No more trading stonky bois for those in charge!

A final, *crucial* wrinkle here that needs to be ironed out is that members of Congress, people who work at the Fed, and even the SEC commissioner are freely allowed to trade stocks while in office. Rob Jackson learned that one firsthand when he took the job and was flabbergasted to hear that he was fully allowed to trade stocks WHILE HE WAS IN CHARGE OF POLICING THEM as long as he disclosed it later. 

Members of Congress and their spouses are also frequent stock traders. They’re supposed to disclose these trades quickly, but they often do not comply with the rules. Sen. Dianne Feinstein (D-CA) took months to disclose her husband bought five figures worth of stock in a polling company. Sen. Rand Paul (R-KY) waited a whopping 16 months to disclose that his wife bought stock in a pharmaceutical company that made a treatment for COVID-19.

There is actually a law that Democrats in the House are currently drafting that would ban stock trading for members, and there are several similar bills in the Senate as well. While the specifics on what it would prohibit aren’t yet determined, there does seem to be a decent chance it will pass by the end of the year. Assuming it has some teeth, that would be a great start to making the regulatory system less corrupt.

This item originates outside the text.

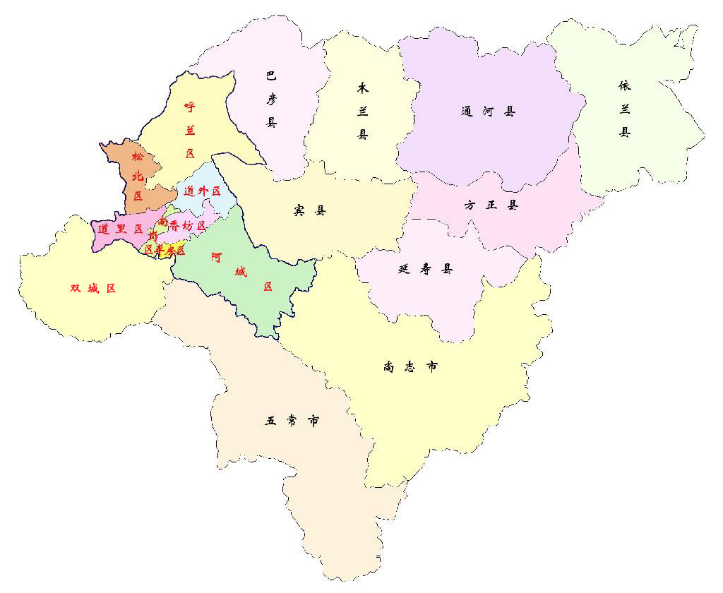 哈爾濱市轄9個(gè)市轄區(qū)、7個(gè)縣,代管2個(gè)縣級市:

We can all win if some of us stop cheating

As J Brown emphasized repeatedly during our panel, this isn’t a case of one side losing so the other can win. Rob Jackson explained on the podcast that the current mindset in D.C. and in the financial industry is that you can’t have investor protection AND grow capital. But that’s simply not true. We can have both! 

But that won’t happen as long as those who are making fucktons of money (yes, that’s an exact amount) by keeping the market unfair are in charge of the rules and policing themselves. What we need is for everyone in the market to work together to make the entire system better for everyone. Oh, and if anyone replies that Crypto will save us, we will call the police.